OLR Bill Analysis
AN ACT CONCERNING THE VALUATION OF REAL PROPERTY ACQUIRED BY EMINENT DOMAIN.
This bill requires a redevelopment agency to look at a property's assessed value as well as its appraised value when considering compensation for taking a property owner's property.
Under current law, the agency must compensate the owner based on the average of two independent appraisals. Owners of property taken for certain eminent domain and condemnation projects receive 125% of that amount. The bill requires that property owners receive the greater of these amounts or the property's assessed value according to the most recent grand list.
EFFECTIVE DATE: October 1, 2012
Compensation and Appraisal
By law, local and state agencies must compensate property owners when taking their property. An agency must have the property appraised by two state-certified appraisers who must work independently of each other and use generally accepted professional standards as described in the Uniform Standards of Professional Appraisal Practice issued by the Appraisal Standards Board of the Appraisal Foundation pursuant to federal and state law. Each appraiser must provide a copy of the appraisal to the property owner and the agency.

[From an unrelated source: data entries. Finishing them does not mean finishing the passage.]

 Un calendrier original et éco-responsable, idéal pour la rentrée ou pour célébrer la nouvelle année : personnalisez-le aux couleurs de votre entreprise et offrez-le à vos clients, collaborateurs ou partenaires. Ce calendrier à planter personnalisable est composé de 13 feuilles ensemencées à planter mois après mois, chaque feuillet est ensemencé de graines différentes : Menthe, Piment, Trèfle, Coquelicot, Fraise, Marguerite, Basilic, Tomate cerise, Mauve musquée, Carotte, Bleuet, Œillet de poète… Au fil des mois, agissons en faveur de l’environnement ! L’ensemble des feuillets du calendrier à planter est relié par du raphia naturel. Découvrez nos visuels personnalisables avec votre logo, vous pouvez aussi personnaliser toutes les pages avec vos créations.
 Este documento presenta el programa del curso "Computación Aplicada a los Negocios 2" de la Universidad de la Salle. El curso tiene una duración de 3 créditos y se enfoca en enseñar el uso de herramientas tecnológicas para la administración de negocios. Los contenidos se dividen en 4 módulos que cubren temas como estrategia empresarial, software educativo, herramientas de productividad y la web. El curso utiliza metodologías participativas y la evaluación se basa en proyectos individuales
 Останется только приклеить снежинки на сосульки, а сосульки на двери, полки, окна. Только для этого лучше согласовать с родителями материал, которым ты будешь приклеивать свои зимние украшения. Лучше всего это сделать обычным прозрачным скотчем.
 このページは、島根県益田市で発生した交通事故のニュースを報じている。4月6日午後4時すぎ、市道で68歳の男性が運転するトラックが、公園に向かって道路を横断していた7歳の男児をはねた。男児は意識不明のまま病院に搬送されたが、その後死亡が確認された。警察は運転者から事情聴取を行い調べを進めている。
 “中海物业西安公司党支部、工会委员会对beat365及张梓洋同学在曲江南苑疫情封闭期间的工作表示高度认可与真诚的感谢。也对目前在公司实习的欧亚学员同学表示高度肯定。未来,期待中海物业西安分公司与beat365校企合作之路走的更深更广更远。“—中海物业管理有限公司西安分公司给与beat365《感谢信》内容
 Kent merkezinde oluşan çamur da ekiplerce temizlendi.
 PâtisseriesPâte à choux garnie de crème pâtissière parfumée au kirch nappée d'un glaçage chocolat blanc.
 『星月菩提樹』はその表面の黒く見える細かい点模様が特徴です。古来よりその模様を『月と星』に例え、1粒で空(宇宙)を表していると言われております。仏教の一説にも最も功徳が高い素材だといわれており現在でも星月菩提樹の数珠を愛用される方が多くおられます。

Statutory Right to Challenge Compensation Offer
The law gives property owners the right to go to court to challenge the compensation a municipality or redevelopment agency offers for their property in an eminent domain case. In determining fair market value in such a case, courts consider everything that legitimately affects the property's value. But they may not consider factors that do not affect market value.
When the court awards more than the agency offered, the law also gives property owners court costs including reasonable fees. These fees can include the costs of any witness necessary for the court's determination of the property's value, not just for appraisers (CGS § 8-133).
The law allows the property owner to appeal the court's ruling.